Berufsorientierung an unserer Schule

Praxiserfahrungen

Betriebspraktikum:

In Jahrgang 8 und 9 werden die Schüler*innen durch Betriebserkundungen im Rahmen eines 2-wöchigen Betriebspraktikums an die Arbeitswelt herangeführt. Im Betriebspraktikum erlangen sie Informationen, Erfahrungen und Erkenntnisse über betriebliche Arbeitssituationen.

Die Schüler*innen wählen ihren Praktikumsplatz selbstständig, werden dabei jedoch von der Schule unterstützt. Das Praktikum wird in einem differenzierten Praktikumsbericht dokumentiert. Nach dem Praktikum findet eine Auswertung statt. Die Termine für die Praktika können dem Terminkalender entnommen werden.

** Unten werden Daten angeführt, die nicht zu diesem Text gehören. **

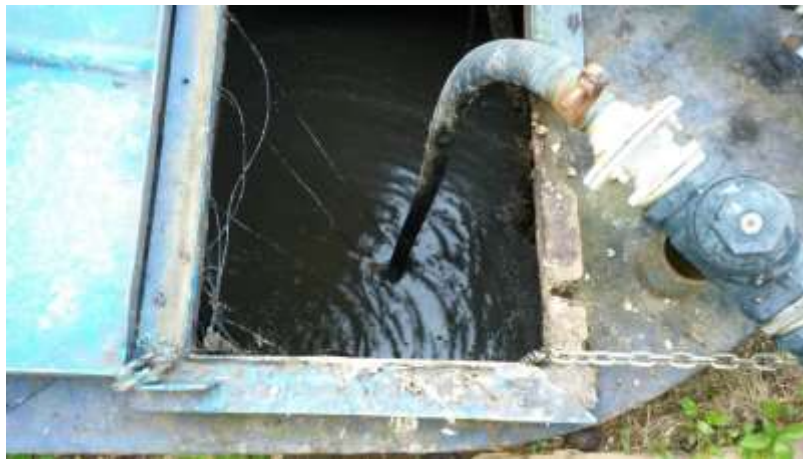
Figura 6 - EEEB da ETE Santa Isabel

CONSTATAÇÃO C6: Ausência de mecanismo de remoção de sólidos grosseiros na EEEB da ETE Santa Isabel.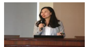
臺灣高等檢察署檢察官分享辦案心得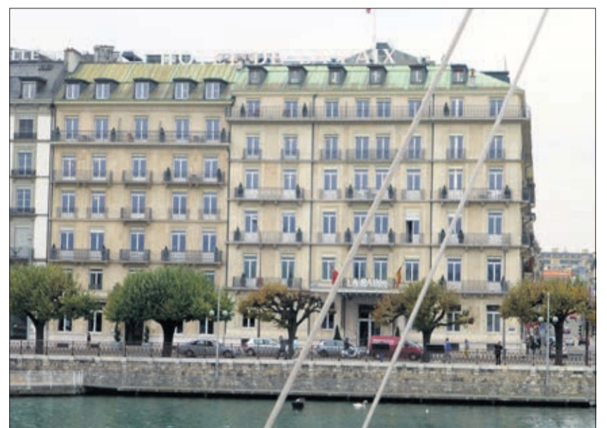
Hôtel de la Paix à Genève

- Alors, fit Cordey qui n'y croyait pas tellement, c'est sans espoir?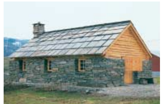
Eldhuset på Vassel.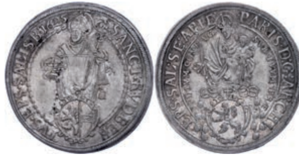
58 Taler, 1625, Paris Graf von Lodron, Zöttl 1476, Probszt 1199, f. vz. 150,—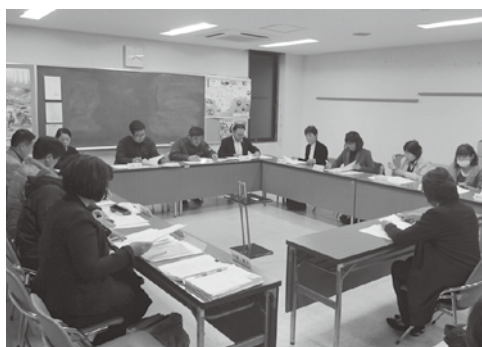
▲保護者代表も検討に参加

来年4月に開校する天津小湊地区統合小学校の校名が、「天津小湊小学校」に決まりました。今後は、校章や校歌の選定、両校の児童の交流活動を行い、スムーズな開校に向けて準備を進めます。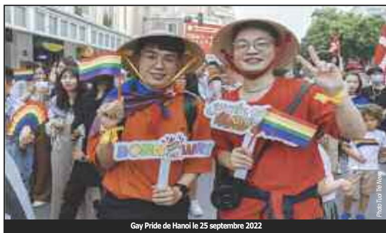
Gay Pride de Hanoi le 25 septembre 2022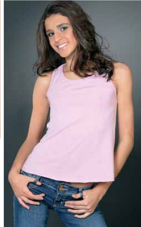
Direção & Arte • by Barbelo Fotos • Divulgação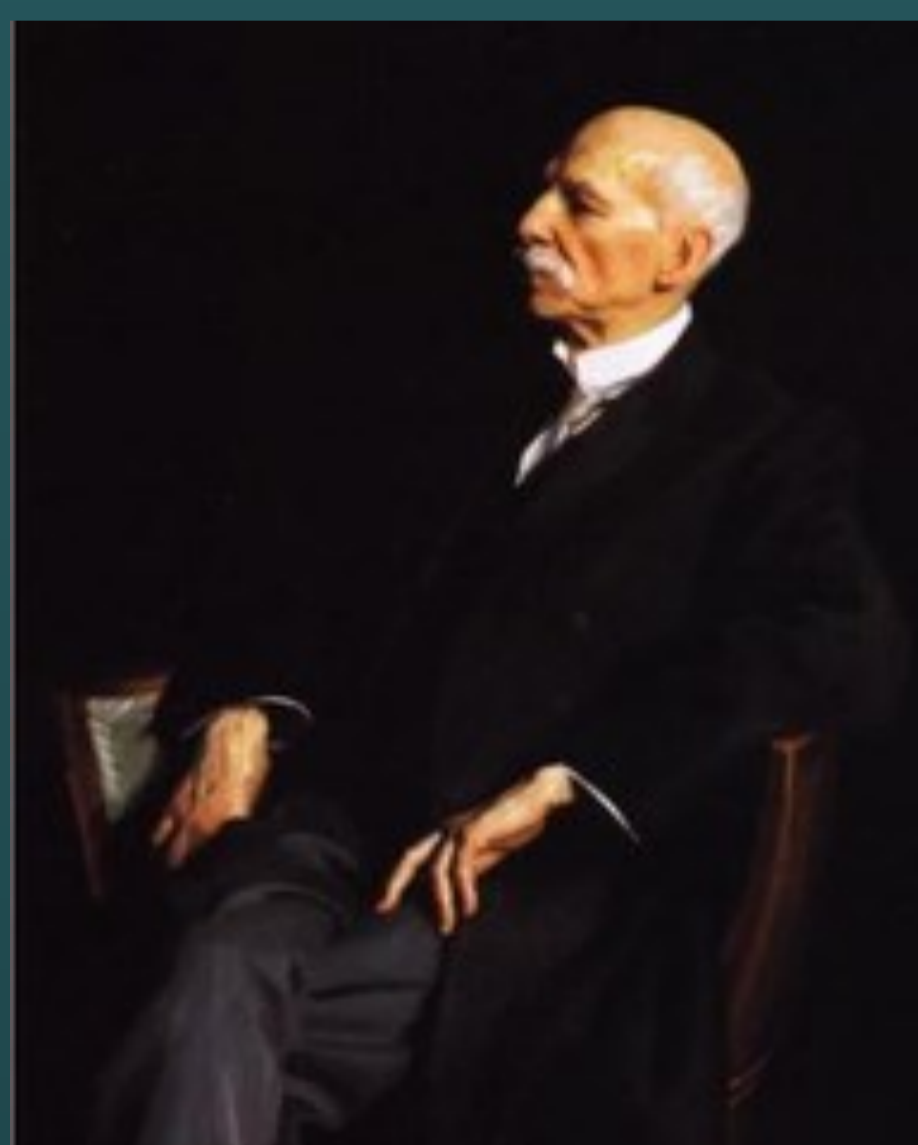
Patricio Manuel Garcia Né à Madrid le 17 mars 1805 - Décédé le 1er juillet 1906 à Londres.

Il est mort après une brève maladie et fut enterré dans le cimetière du Père Lachaise en bordure de la 25ème division.

Zukunftstag für Jungen und Mädchen:

Im Rahmen des bundesweiten Aktionsprogramms nehmen die Schüler*innen der 5. bis 9. Klassen am Zukunftstag teil. Sie erhalten an diesem Tag Einblicke in verschiedene Berufe, die geeignet sind, das traditionelle, geschlechtsspezifisch geprägte Spektrum möglicher Berufe für Mädchen und Jungen zu erweitern.

Betriebserkundungen:

Integriert in die Themen des Wirtschaftsunterrichts erkunden die Schüler*innen verschiedene Arbeitsplätze bzw. Betriebe, interviewen Fachkräfte und recherchieren zu konkreten Inhalten. Die Schülerinnen und Schüler erhalten somit Einblicke in die Berufswelt und reflektieren die Anforderungen von Berufen vor dem Hintergrund ihrer eigenen Interessen und Fähigkeiten, unter anderem im Mercedes Benz Werk in Bremen.

Schulinterne Maßnahmen:

Durch praktische Erfahrungen und betriebliche Praxis möchten wir die Entwicklung ökonomischer Kompetenzen bei den Jugendlichen fördern. Wirtschaftliche Strukturen werden bereits im Wirtschaftsunterricht erarbeitet. Die Selbstständigkeit und Eigenaktivität wird durch die Mitgestaltung des Schullebens gefördert, zum Beispiel durch den Kioskverkauf (Klasse 9), die Organisation des Weihnachtsbasars sowie den Verkauf von Getränken und Gebäck in der Pausenhalle.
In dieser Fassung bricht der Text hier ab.